TASK TO CARRY OUT: Could you set down exactly the lines in the records below between the line holding "ตัวรถใช้วัสดุคาร์บอนไฟเบอร์เป็นหลัก ถังน้ำมันความจุ 19" and the line holding "Look for non-porous, durable", inclusive?

INFORMATION GIVEN:
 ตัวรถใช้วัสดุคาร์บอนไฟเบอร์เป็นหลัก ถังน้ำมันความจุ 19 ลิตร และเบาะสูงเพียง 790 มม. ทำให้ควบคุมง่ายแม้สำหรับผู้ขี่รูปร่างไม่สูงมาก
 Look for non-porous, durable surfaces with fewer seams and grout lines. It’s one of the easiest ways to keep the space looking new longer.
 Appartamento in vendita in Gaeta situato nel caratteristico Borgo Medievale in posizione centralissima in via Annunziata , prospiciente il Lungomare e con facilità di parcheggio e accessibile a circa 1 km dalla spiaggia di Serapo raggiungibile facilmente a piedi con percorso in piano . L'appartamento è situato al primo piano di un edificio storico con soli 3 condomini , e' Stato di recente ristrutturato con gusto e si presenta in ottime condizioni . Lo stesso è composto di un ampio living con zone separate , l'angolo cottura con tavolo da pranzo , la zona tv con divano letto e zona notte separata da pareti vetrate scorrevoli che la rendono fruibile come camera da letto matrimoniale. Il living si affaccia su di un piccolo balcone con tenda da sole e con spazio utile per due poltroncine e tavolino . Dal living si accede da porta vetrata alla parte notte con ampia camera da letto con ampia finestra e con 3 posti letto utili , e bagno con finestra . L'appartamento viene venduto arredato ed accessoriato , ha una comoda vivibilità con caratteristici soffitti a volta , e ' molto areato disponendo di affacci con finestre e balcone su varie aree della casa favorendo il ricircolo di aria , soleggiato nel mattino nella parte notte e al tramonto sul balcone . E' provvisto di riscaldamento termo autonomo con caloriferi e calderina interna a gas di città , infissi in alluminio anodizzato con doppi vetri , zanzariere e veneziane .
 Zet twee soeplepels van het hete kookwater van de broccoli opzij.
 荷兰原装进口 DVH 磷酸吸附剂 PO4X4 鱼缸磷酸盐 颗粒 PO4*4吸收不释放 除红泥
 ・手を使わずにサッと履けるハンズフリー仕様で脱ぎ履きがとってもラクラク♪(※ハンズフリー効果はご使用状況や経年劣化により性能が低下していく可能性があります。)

--

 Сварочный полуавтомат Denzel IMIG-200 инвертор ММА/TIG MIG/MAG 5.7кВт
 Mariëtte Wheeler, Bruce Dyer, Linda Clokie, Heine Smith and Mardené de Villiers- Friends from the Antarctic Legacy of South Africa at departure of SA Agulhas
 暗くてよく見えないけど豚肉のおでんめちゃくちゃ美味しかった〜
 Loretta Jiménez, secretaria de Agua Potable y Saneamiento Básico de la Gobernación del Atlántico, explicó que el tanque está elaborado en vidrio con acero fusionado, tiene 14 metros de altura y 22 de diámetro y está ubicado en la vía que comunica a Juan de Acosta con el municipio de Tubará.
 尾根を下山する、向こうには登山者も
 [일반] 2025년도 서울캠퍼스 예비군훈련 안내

OUTPUT FOR THIS EXERCISE:
 ตัวรถใช้วัสดุคาร์บอนไฟเบอร์เป็นหลัก ถังน้ำมันความจุ 19 ลิตร และเบาะสูงเพียง 790 มม. ทำให้ควบคุมง่ายแม้สำหรับผู้ขี่รูปร่างไม่สูงมาก
 Look for non-porous, durable surfaces with fewer seams and grout lines. It’s one of the easiest ways to keep the space looking new longer.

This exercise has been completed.